From past life experience, I’d recommend having a chat with your corporate legal folks before going too far down that path if your interest is more than just professional curiosity. It seemed to me at the fall meeting that the folks doing the work had responses to the potential legal can of worms involved, but I don’t recall the details.

1 Like

Given how quickly regulators are moving to potentially require bias testing, I don’t think the legal claims to avoid it will hold water much longer, but our legal team will be in the loop I’m sure as we move forward.

1 Like

Okay here we go:

Bayesian Improved Surname Geocoding (BISG).

That’s BISG

Adding in first name:

1 Like

I would think insurance would want to specifically AVOID trying to find proxies for race. Either the classification used for underwriting stands on its own or it doesn’t.

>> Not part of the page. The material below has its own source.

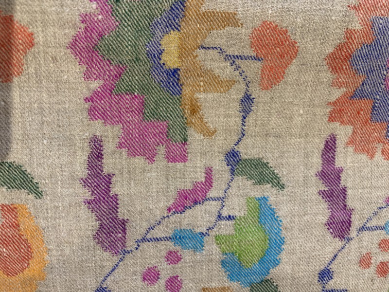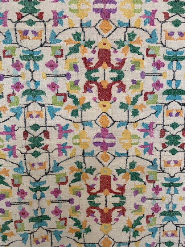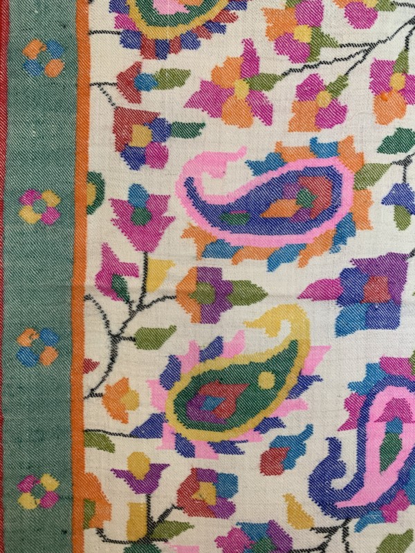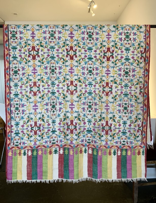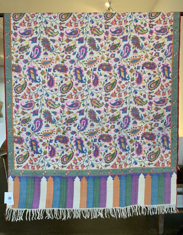 今回、10点だけ出品されている「カニ織」は、カシミールで最も歴史の古い布だと言われています。その昔、カシミールを統治していた王様が、トルクメニスタンの絨毯職人を国に迎え、絨毯と同じ技法でカシミアの布を織らせたのがその起源です。

I can see where that BISG would be helpful for some study specifically looking at racial breakdowns. Outside of certain health effects, which tend to offset, I would think race has little to no effect on insurance in the US. As a proxy for socio-economic status it would have a large effect. But you can get that better from direct financial data.

Thanks!

Regulation appears to be getting ready to move away from the ‘banning input variable’ to requiring insurers to explicitly test the output of their models to show that they aren’t unfairly charging policyholders from protected classes more. What that means remains to be seen, but my suspicion is that there will be a (small?) list of adjustments you can make for things like driving record, limits/deductibles, car type, etc and beyond that, the average premium charged will need to be close.

Colorado wants insurers to explicitly show that they’re not discriminating w/ their algorithms, etc.

As insurers generally do not gather racial/ethnic data, they have to impute it somehow.

1 Like

This is pretty much exactly what I wanted to do a masters in. Guess I’m about 2 years to late.

Socio-economic status is a major underwriting factor in almost any type of insurance. It has effects across the board. If they allow for racial studies that control for socio-economic and geo-location effects (where applicable) then fine(ish). Trying to control for racial bias without controlling for at least those 2 confounding factors would be stupid.

I’m not trying to argue policy here, just trying to get the data. Personally, if it were up to me, there would be about 10-12 rating factors total for personal lines. The point of insurance is to pool risk, and this endless drive to segment the population more and more is harmful.

1 Like